Naming conventions & FAQs

The following are the same:

  • Pipeline == Stream (The latter was used internally by the Hyperfy team, but now it is considered legacy)
  • Signature == Plugin's name
  • Plugin ~ Instance (Only in the context of talking about a running plugin (instance); people tend to omit the word instance)
  • Node == Worker (The latter was used internally by the Hyperfy team. Unless it is in the context of a distributed job, the 2 words refer to the same thing)

"Hello world!"

Below is a simple "Hello world!" style application that creates a session by connecting to a known communication broker, listens for processing nodes heartbeats and displays the basic compute capabilities of the discovered nodes such as CPU & RAM.

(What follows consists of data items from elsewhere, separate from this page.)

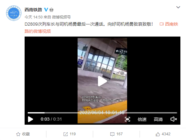 这是D2809次列车长与司机杨勇最后一次通话的录音。向好司机杨勇致哀致敬!
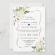 TODO EN UNA invitación. Al incluir los detalles y RSVP (opcional) en la parte posterior de la invitación a la boda en lugar de en una tarjeta separada para el recinto, puede guardar papel. Elegante diseño de cartas con delicadas flores de color blanco, follaje eucalipto, marco falso dorado, todo sobre un fondo blanco. Utilice la herramienta Personalize para agregar su información. Para ver los elementos coincidentes, por favor, visite mi Colección de Flores Blancas.
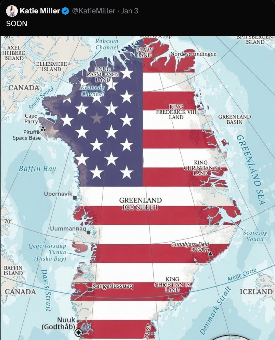 Greenland’s Prime Minister Jens-Frederik Nielsen said linking Greenland to Venezuela and military intervention was “disrespectful,” after an X post by Katie Miller, wife of Stephen Miller, Deputy White House Chief of Staff and National Security Adviser showed a US-flag map captioned “SOON”.
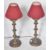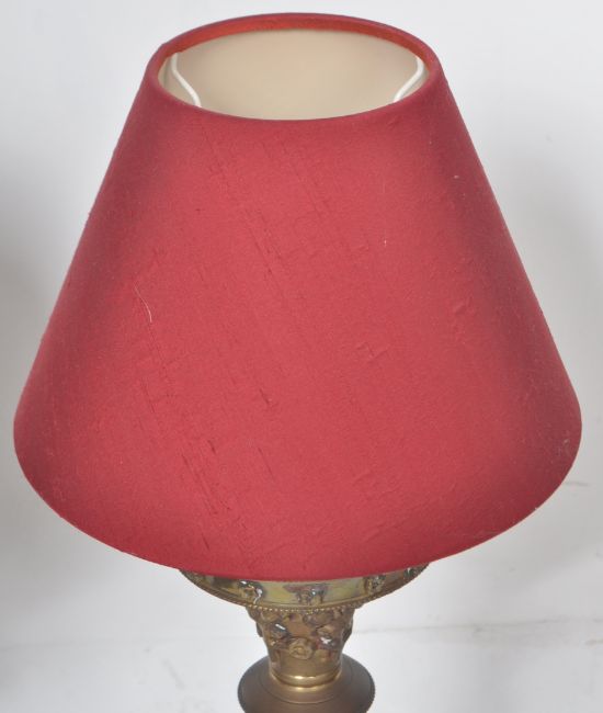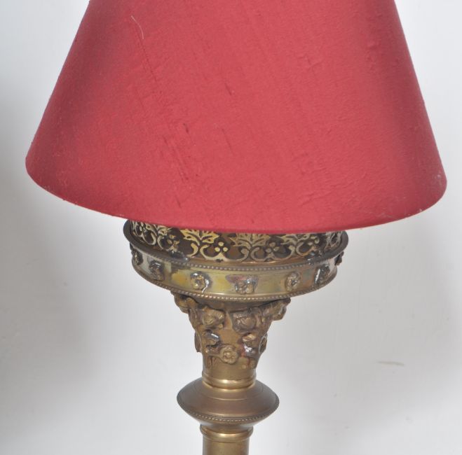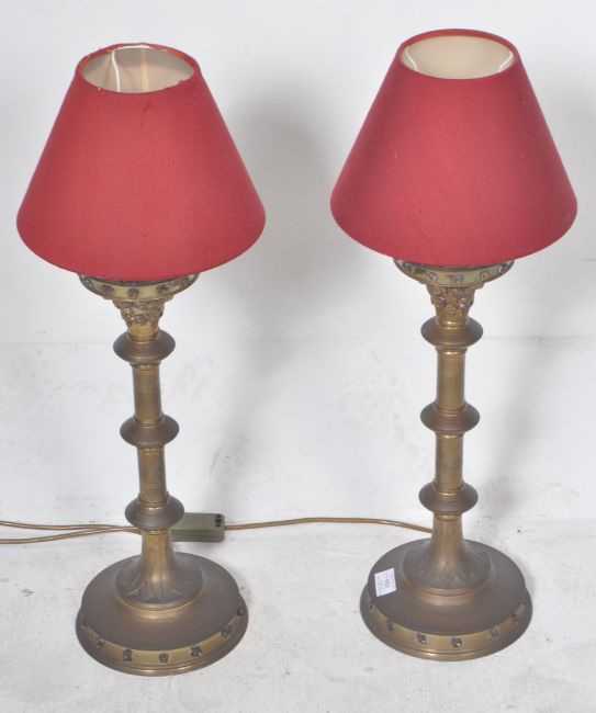 A pair of 19th Century Gothic style converted table lamp light of brass worked construction having foliate worked gallery tops with turned stems below. Each raised on circular base. Sold as untested. Measures approx; 65cm.
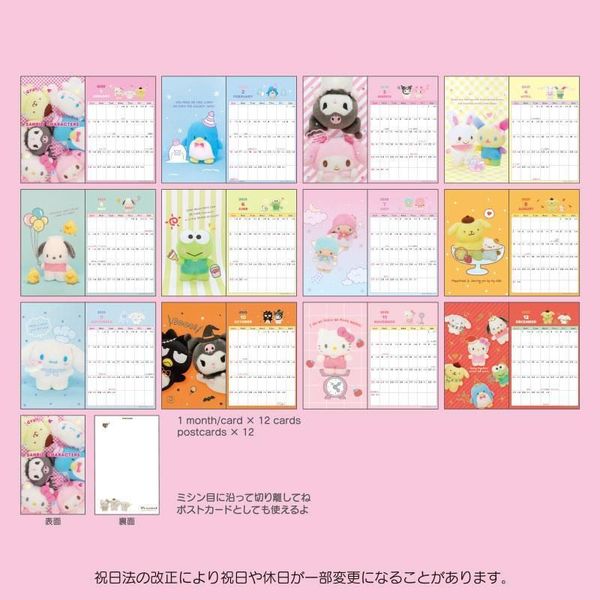SANRIO-SANRIO CHARACTERS 日版 2025 桌上 明信片 座檯 年曆 行事曆 計劃表 月曆 日曆 工作表 桌曆 日本假期 (451229) 【平行進口】
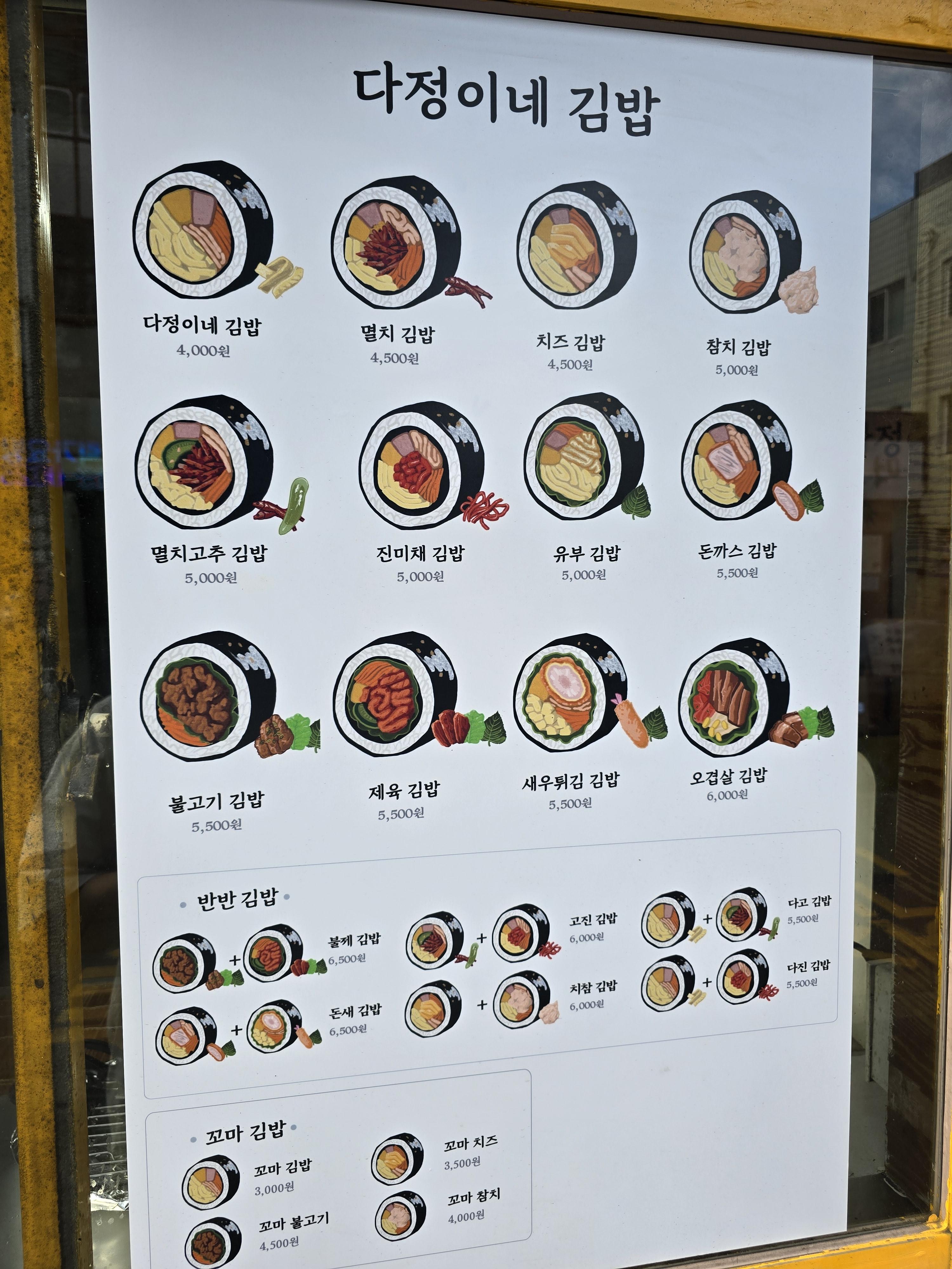 제주도에서 꼭 먹어야 하는 김밥 맛집 중 다정이네 올레시장 본점을 방문했어요 제주도에는 김밥 맛집이 많죠서귀포에 왔으니 다정이네 올레시장 본점에서맛있는 김밥을 포장했습니다
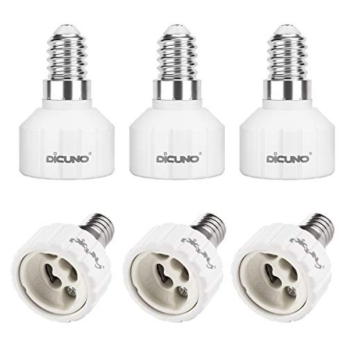 DiCUNO E14 till GU10 omvandlare för lamphållare, Uttag för glödlampor och LED-lampor, Maximal effekt 200W, 0~250V, 160 grader värmebeständig, 6 stycken
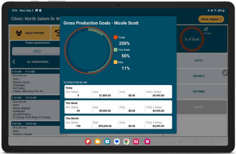 Provider Production Goals only displays when the logged-in user is associated with a provider. Providers must have an Hourly Production Goal entered in the Edit Provider window.
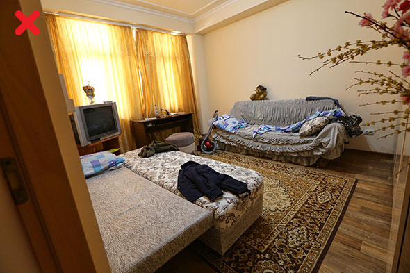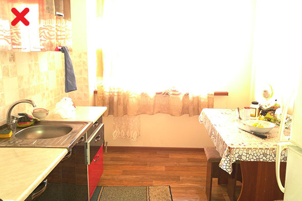 Если дома есть потрепанные ковры, но при этом хорошее напольное покрытие, ковры лучше на время убрать. То же касается других предметов интерьера неприглядного вида. В пользу вашей квартиры также не сыграют выцветшие шторы, покосившийся стол или истерзанный кошкой любимый диван. Да, это вещи, которые к продаже квартиры отношения не имеют, однако могут создать негативное впечатление при просмотре объявления.
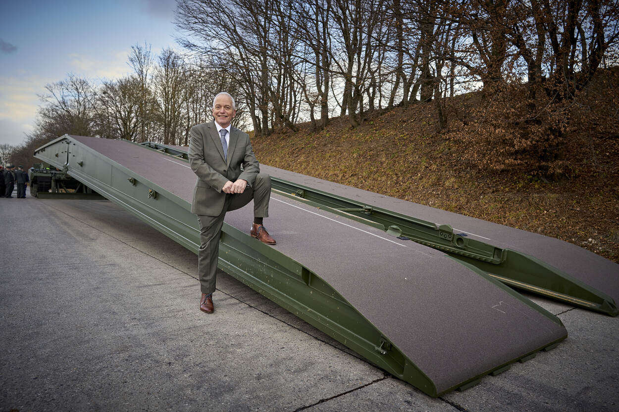 Maar nu staat en rijdt er dus wat. Vandaar dat Roosenboom zich na een imposante demonstratie de loftuitingen van een van de directeuren van KWM, Ralf Ketzel, liet welgevallen. Er is immers in 1 contract samen met de Duitse evenknie van DMO, het BAAINBw, opgetrokken om 15 van deze systemen te kopen. Onderhandelingen over Nederlandse wensen verliepen vrij soepel. “Toch waren er vlak voor de overdracht nog wat problemen weg te poetsen, maar dat maakt het werk juist leuk”, bekent hij. En het project is voor Roosenboom nog niet ten einde. Hij wil nog met KMW in de slag voor het leveren van aanhangwagens voor de extra brugdelen. “Maar dit is een mooi slot voor een project dat in feite in de jaren 90 al is begonnen.”
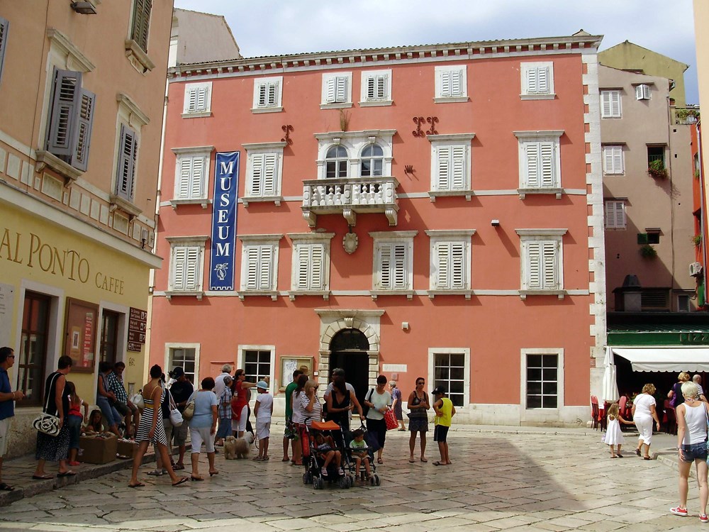 Muzej grada Rovinja smješten je u nekoliko zgrada na jednoj od živopisnijih lokacija Rovinja. Najupečatljivije su palača Califfi s kraja 17. stoljeća (u narodu zvana Crvena zgrada), s raskošnim pročeljem, kamenim portalom i grbom obitelji, jedna je od najkvalitetnijih baroknih zdanja u Istri i na istočnoj obali Jadrana. Muzej koristi i dio Žute zgrade, među narodom najpoznatije kao sjedište nekadašnjeg Komiteta. Ta je impozantna zgrada izgrađena 1680. godine kao gradska žitnica (fontik). Potom je služila kao zalagaonica (Monte di pietà), da bi današnji izgled dobila 1869. godine kada je dograđena za sjedište okružnog suda. Radi se o zgradama koje su građene uz gradske zidine i nalazile su se na obali nekadašnjeg otoka do 1763. godine, kada je kanal zatrpan i otok spojen s kopnom.
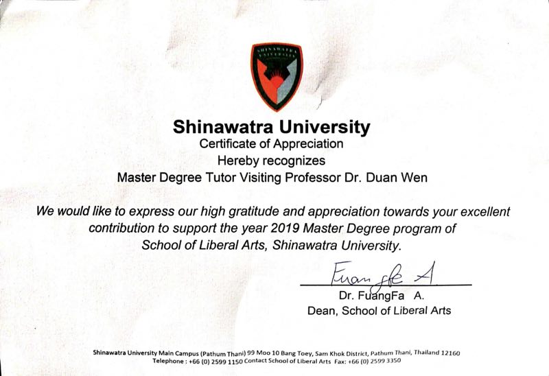 伟德国际victor1946副院长段文教授受聘为泰国西那瓦大学硕士生导师

Importing and configuration

from PyE2 import Session

Preparing callbacks

def on_hb(session : Session, e2id : str, data : dict):
  print(e2id, " has a ", data['CPU'])
  return

Running a simple main loop

if __name__ == '__main__':
  sess = Session(
    host="hostname",
    port=88888,
    user="username",
    pwd="password",
    on_heartbeat=on_hb
  )
  sess.run(wait=10)

Advanced quick-start with decentralized distributed jobs

For a more advanced quick-start we are going to create a execution pipeline on a target processing node that will request a specific number of workers in the network (including itself) to run a brute prime number search job. The initiator job itself will create the request for the required number of discovered worker peers then will listen for results. Finally after a given configurable amount of time will close its own execution pipeline as well as each worker pipeline.

Expand this tutorial

Worker code

The worker will randomly generate numbers and will check if they are prime. If it finds a prime number, it sets the _result variable.

_result=None
skip = False
for _ in range(plugin.cfg_max_tries):
  # generate up to `max_tries` numbers in this call
  num = plugin.np.random.randint(1, 10_000)
  for n in range(2,int(num**0.5)+1):
    if num % n == 0:
      # the generated number is not a prime
      skip=True
      break
    # endif
  # endfor
  if not skip:
    _result=num
    break
  # endif
# endfor

Initiator node code

The initiator will search for available workers in the network and will send them the custom job, then will collect data for a time, after which will close the worker nodes and itself

result=None
if plugin.int_cache['run_first_time'] == 0:
  # this is the first run, consider this the setup

  plugin.int_cache['run_first_time'] = 1

  worker_code = plugin.cfg_worker_code
  n_workers = plugin.cfg_n_workers
  # we use DeAPI `plugin.deapi_get_wokers` call to get the needed workers
  plugin.obj_cache['lst_workers'] = plugin.deapi_get_wokers(n_workers)
  plugin.obj_cache['dct_workers'] = {}
  plugin.obj_cache['dct_worker_progress'] = {}
  plugin.P(plugin.obj_cache['lst_workers'])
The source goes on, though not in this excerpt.